Avec une telle ampleur d'investissement, le coût de ne pas avoir les systèmes sous-jacents prêts cesse d'être un problème informatique pour devenir un problème d'allocation de capital. Si les dépenses doublent mais que la maturité opérationnelle n'évolue pas dans la même proportion, les entreprises construisent une charge financière croissante sur une base qui n'est pas encore en mesure de la supporter. Les pilotes qui n'atteignent jamais la production ne sont pas des échecs d'apprentissage neutres : ils consomment du budget, du temps des équipes techniques et, surtout, la crédibilité interne nécessaire aux prochains cycles d'investissement.
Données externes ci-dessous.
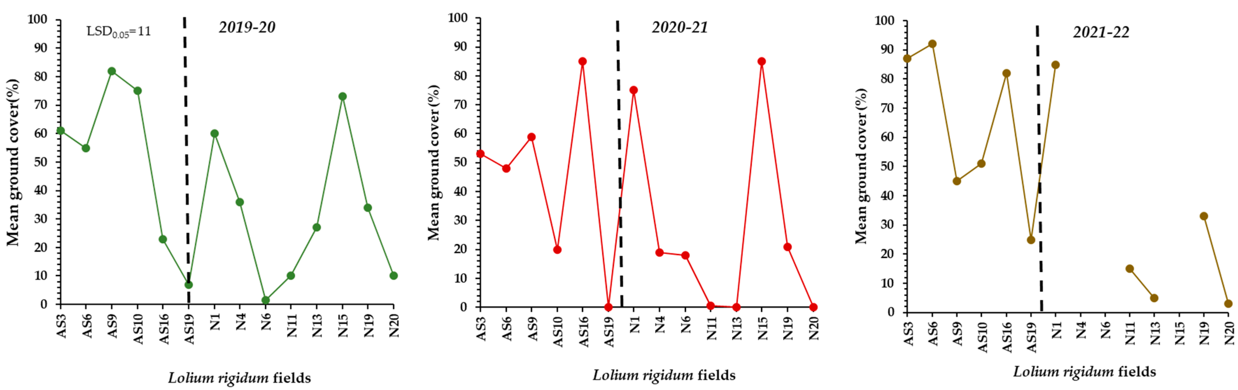 3.1. Evolution of L. rigidum’s Ground Cover and Tiller Number/Plant in the 14 Barley Fields

Les secteurs qui font preuve de la plus grande urgence sont ceux qui ont le plus à perdre en cas de retard. Les entreprises technologiques et les institutions financières prévoient de consacrer environ 2 % de leurs revenus à l'IA en 2026, selon BCG. Dans ces secteurs, la concurrence n'attend pas que les retardataires remettent leurs données en ordre. Le temps entre la décision d'investissement et le résultat visible n'est plus suffisant pour remédier en parallèle à ce qui aurait dû être construit en amont.
L'indice de ServiceNow, lu comme un document de diagnostic sectoriel plutôt que comme une pièce marketing, décrit un moment particulier sur la courbe d'adoption de l'IA en entreprise. Les dépenses ont déjà engagé la mise. Ce qui détermine qui convertit cette mise en avantage durable n'est ni le prochain modèle acheté ni le prochain pilote annoncé : c'est de savoir si l'architecture des données, les processus repensés et la culture organisationnelle sont en mesure de soutenir ce que le budget a déjà promis de livrer.